Only the lines from the start of the data below through the line that contains "如果您计划获得 Medio.io 的高级版本,以下是适合您的定价计划。" are to be copied, exactly and without pictures.

DATA BELOW:
* * * * *
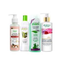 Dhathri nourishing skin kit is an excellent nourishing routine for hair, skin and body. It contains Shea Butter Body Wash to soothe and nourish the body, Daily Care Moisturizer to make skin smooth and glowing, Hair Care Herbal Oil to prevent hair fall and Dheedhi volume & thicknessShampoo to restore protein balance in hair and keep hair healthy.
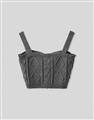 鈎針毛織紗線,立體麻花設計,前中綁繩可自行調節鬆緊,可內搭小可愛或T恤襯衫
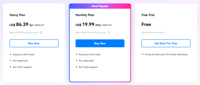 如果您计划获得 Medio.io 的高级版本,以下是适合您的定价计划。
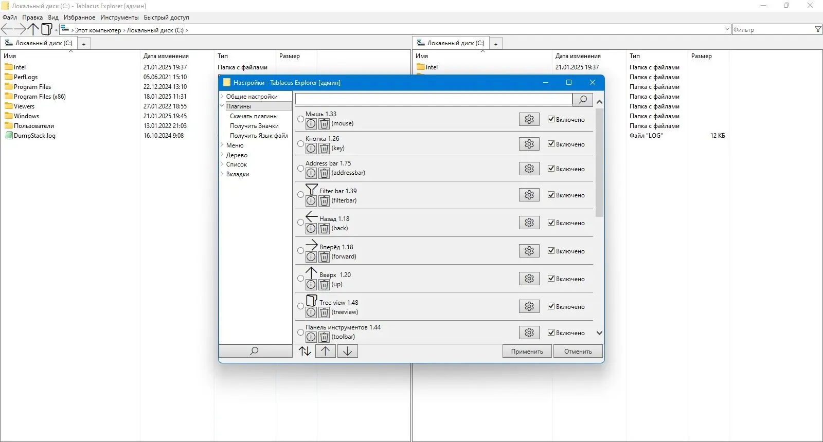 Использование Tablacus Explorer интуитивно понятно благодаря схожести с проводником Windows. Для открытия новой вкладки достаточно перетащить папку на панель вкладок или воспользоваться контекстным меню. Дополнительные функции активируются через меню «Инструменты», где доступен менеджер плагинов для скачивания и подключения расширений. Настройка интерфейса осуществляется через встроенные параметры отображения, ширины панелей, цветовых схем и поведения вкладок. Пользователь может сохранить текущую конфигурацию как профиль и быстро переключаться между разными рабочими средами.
* * * * *
ANSWER FOR THIS EXERCISE:
 Dhathri nourishing skin kit is an excellent nourishing routine for hair, skin and body. It contains Shea Butter Body Wash to soothe and nourish the body, Daily Care Moisturizer to make skin smooth and glowing, Hair Care Herbal Oil to prevent hair fall and Dheedhi volume & thicknessShampoo to restore protein balance in hair and keep hair healthy.
 鈎針毛織紗線,立體麻花設計,前中綁繩可自行調節鬆緊,可內搭小可愛或T恤襯衫
 如果您计划获得 Medio.io 的高级版本,以下是适合您的定价计划。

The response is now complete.